*Exercise prompt*:
In the records below, find the line containing "This synthesis process", then copy that line and all lines after it, exactly, omitting every picture.

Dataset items
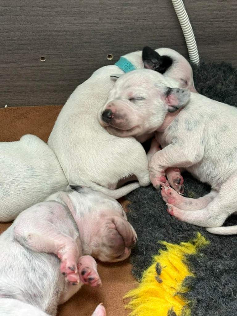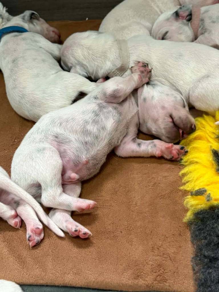 Not KC registered due to being blocked by maternal grandparents however Daisy is pure bred, slender black spotted Dalmation with lovely markings. She is an elegant and loving dog with an amazing temperament. We are a busy home with lots of noise which the puppies will be surrounded by.
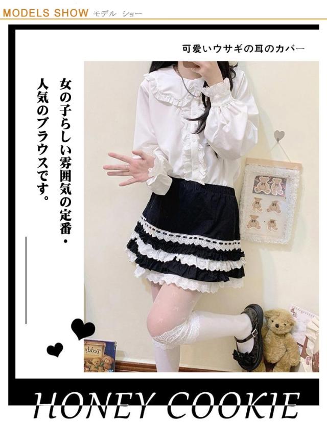 トップス 高校生 半袖 兎耳 お嬢様 コスプレ 甘ロり レディース ブラウス 量産型 可愛い フリル 制服 耳付き ウサギ 襟付き 地雷系 ロリータ シャツ Lolita 病み 長袖 jk 森ガール 女子高生 おしゃれ 中学生 兎耳 薄手 学生 春 秋
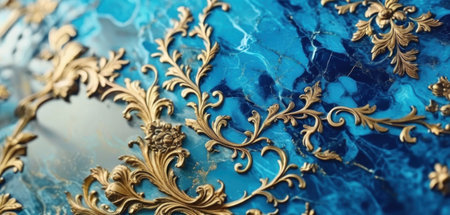 Blue marble background with golden ornaments. Close-up.
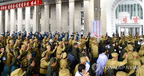| △ 북한이 '전승절'로 선전하는 정전협정 기념일(27일)에 맞춰 평양에서 개최하는 제4차 전국노병대회 참석자들이 지난 23일 평양에 도착하는 모습. (연합뉴스 자료사진) |
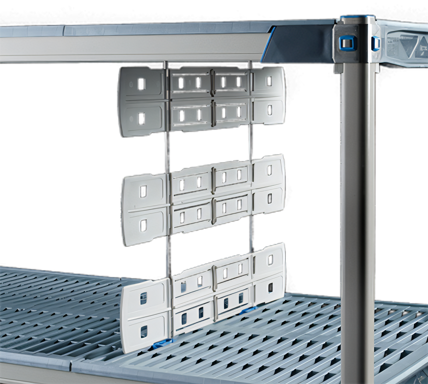 Shelf-to-Shelf Divider, 18"D, 16"H, 4" polypropylene panels & stainless steel rods, includes: (4) polyethylene mounting clips, for use with 18" & 21"D open grid & wire shelves, NSF
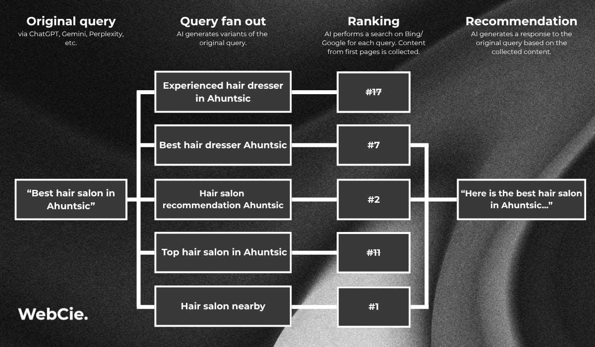 This synthesis process happens every time, but does not always cause a query fan out. In Google AI Mode and Gemini, questions like “what is the best hair salon in my neighbourhood” lead to a visible query fan out. However, a simple query like “hair salon Ahuntsic” in Gemini or ChatGPT does not necessarily provoke a full query fan out. The AI model will still generate an answer based on around ten web pages, which are typically the same ones that appear in Google.
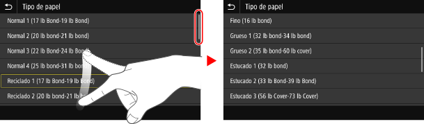 Mueva el dedo mientras toca la pantalla y suéltelo en la posición que desee. Puede desplazarse por listas y mover el área que está tocando hasta la posición que desee.
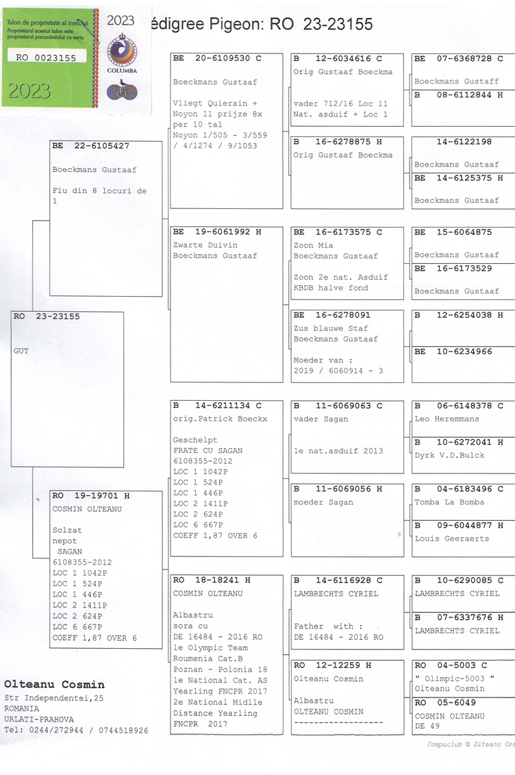 The origins of these remarkable performances are no coincidence: the champion hen descends from a Rudy Van Reeth cock and a Jos Cools hen, while the vice-champion was bred from a Jos Cools cock and the famous 484 hen, an Olympic pigeon from Olteanu’s own loft.
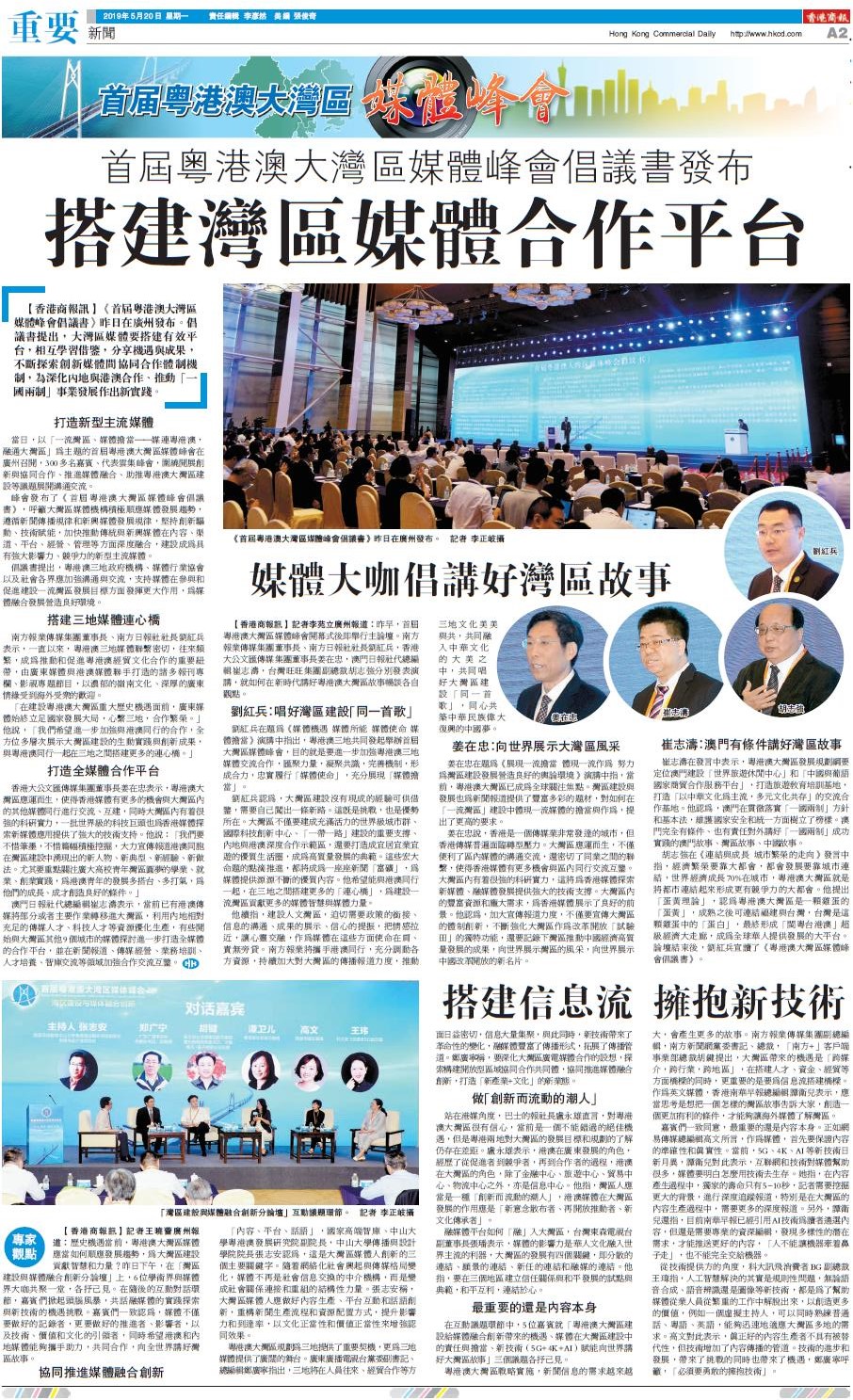 「在建設粵港澳大灣區重大歷史機遇面前,廣東媒體始終立足國家發展大局,心繫三地,合作繁榮。」他說,「我們希望進一步加強與港澳同行的合作,全方位多層次展示大灣區建設的生動實踐與創新成果,與粵港澳同行一起在三地之間搭建更多的連心橋。」

*Exercise output*:
 This synthesis process happens every time, but does not always cause a query fan out. In Google AI Mode and Gemini, questions like “what is the best hair salon in my neighbourhood” lead to a visible query fan out. However, a simple query like “hair salon Ahuntsic” in Gemini or ChatGPT does not necessarily provoke a full query fan out. The AI model will still generate an answer based on around ten web pages, which are typically the same ones that appear in Google.
 Mueva el dedo mientras toca la pantalla y suéltelo en la posición que desee. Puede desplazarse por listas y mover el área que está tocando hasta la posición que desee.
 The origins of these remarkable performances are no coincidence: the champion hen descends from a Rudy Van Reeth cock and a Jos Cools hen, while the vice-champion was bred from a Jos Cools cock and the famous 484 hen, an Olympic pigeon from Olteanu’s own loft.
 「在建設粵港澳大灣區重大歷史機遇面前,廣東媒體始終立足國家發展大局,心繫三地,合作繁榮。」他說,「我們希望進一步加強與港澳同行的合作,全方位多層次展示大灣區建設的生動實踐與創新成果,與粵港澳同行一起在三地之間搭建更多的連心橋。」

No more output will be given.